• What the task requires: Only the lines in the entries below from the line with "北京時(shí)間:第五屆進" to the line with "職員室横の「食育の掲示板」です。", both included, belong in the answer, transcribed exactly and without pictures.

• Records:
═══

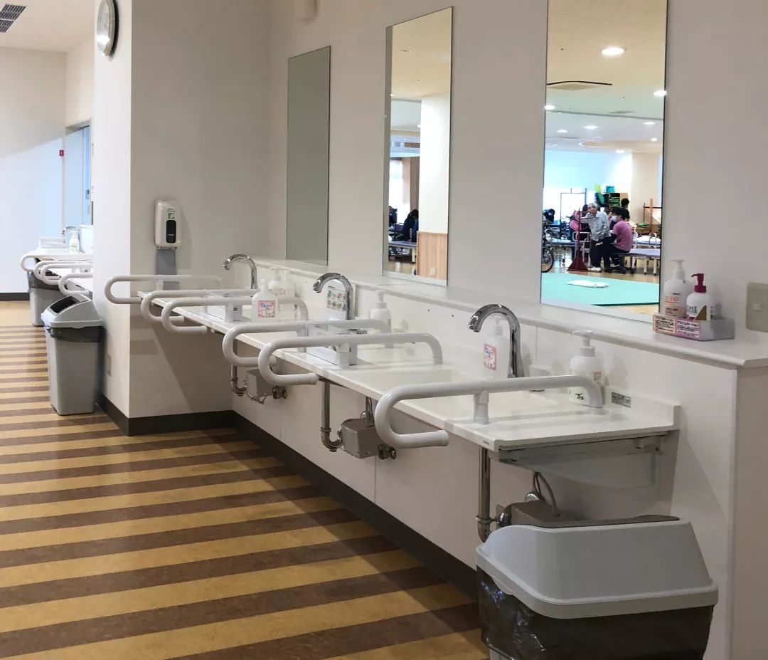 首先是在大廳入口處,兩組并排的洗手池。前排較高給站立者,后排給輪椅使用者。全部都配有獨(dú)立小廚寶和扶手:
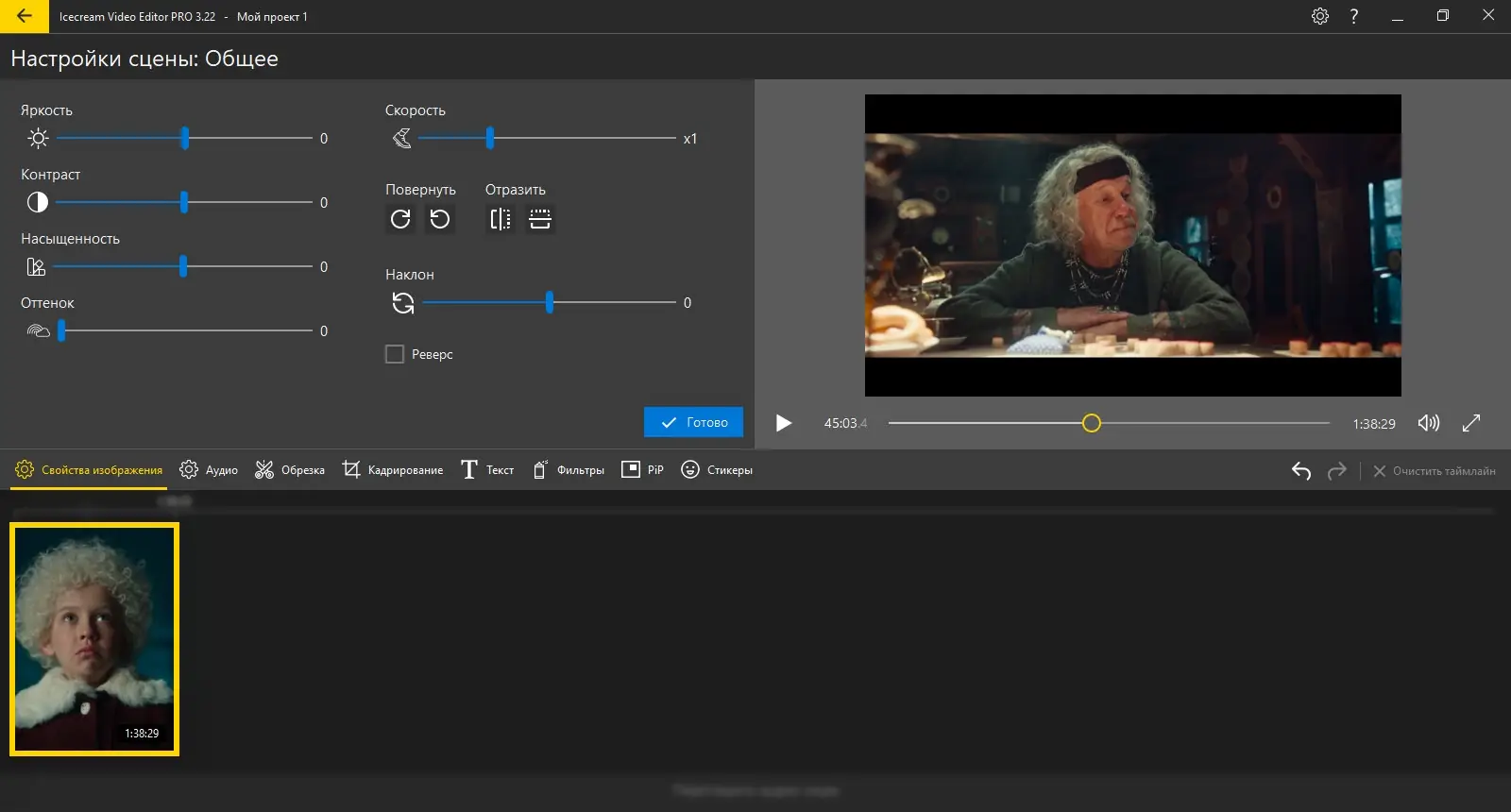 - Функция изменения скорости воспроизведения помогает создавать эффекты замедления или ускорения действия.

═══

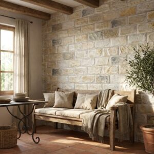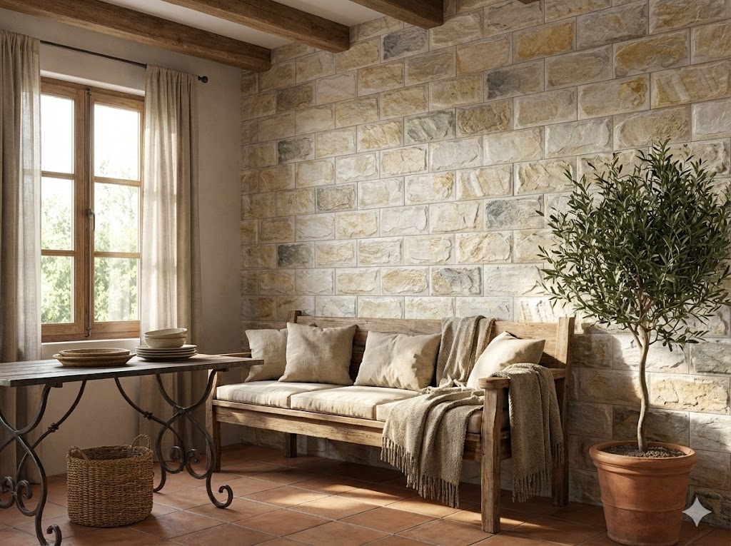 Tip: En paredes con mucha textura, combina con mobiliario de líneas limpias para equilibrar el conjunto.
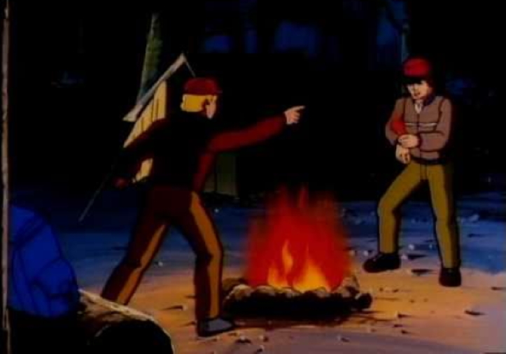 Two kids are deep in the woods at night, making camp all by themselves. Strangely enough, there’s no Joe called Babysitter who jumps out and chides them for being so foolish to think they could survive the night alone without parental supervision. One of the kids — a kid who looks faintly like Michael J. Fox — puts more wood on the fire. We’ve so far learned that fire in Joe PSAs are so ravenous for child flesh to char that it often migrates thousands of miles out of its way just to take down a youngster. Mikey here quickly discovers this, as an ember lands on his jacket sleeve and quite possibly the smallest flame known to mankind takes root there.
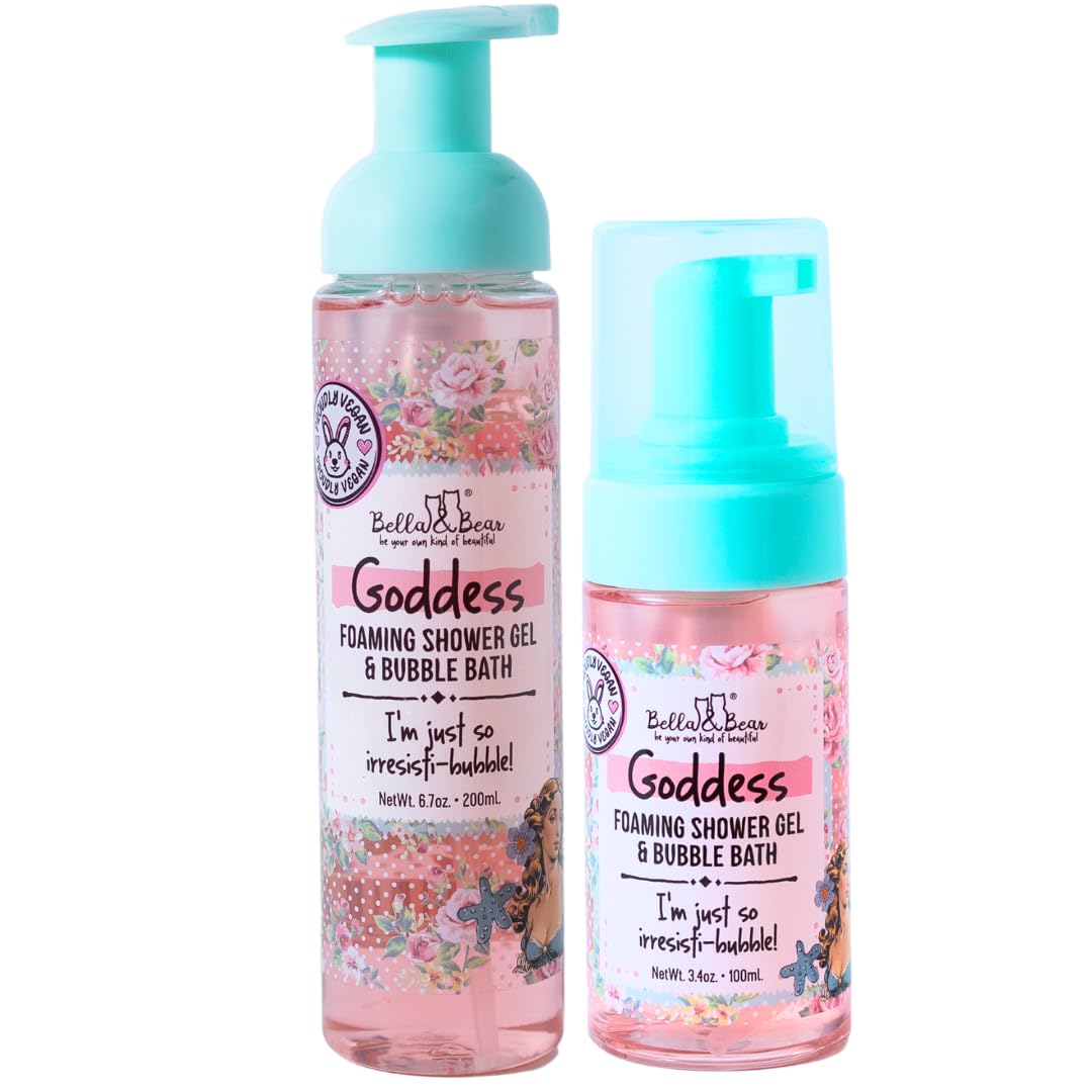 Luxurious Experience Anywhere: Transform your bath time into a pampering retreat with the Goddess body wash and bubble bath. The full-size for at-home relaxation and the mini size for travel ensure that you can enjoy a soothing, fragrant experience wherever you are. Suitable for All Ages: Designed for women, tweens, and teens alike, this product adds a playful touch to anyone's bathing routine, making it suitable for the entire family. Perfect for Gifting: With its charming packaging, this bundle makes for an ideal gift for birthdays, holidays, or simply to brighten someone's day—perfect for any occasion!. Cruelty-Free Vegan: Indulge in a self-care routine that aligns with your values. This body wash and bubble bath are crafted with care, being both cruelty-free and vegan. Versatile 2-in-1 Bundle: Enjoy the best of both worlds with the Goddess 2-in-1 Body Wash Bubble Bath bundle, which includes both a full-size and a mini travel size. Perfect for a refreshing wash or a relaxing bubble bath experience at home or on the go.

═══

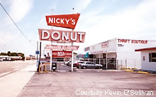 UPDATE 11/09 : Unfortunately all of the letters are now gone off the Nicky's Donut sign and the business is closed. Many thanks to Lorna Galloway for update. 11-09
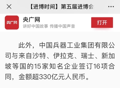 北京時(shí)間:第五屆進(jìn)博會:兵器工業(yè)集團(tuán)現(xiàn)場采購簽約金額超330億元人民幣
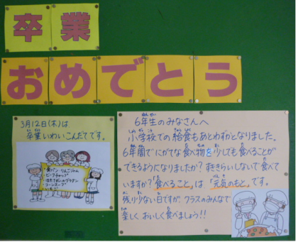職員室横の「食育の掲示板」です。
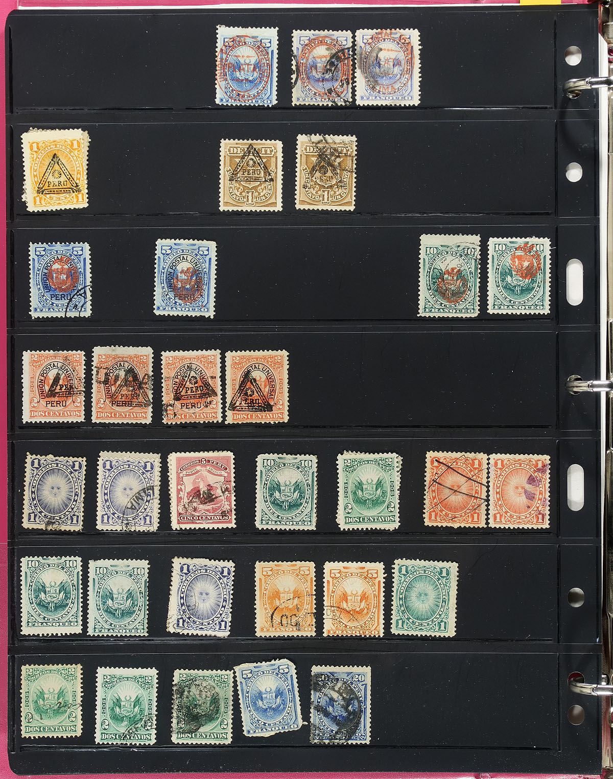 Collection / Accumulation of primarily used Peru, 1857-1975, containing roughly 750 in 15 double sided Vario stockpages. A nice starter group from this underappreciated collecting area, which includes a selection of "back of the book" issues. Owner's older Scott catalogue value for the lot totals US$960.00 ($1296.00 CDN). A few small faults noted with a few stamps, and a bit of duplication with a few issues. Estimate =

═══

• The completed task:
 北京時(shí)間:第五屆進(jìn)博會:兵器工業(yè)集團(tuán)現(xiàn)場采購簽約金額超330億元人民幣
職員室横の「食育の掲示板」です。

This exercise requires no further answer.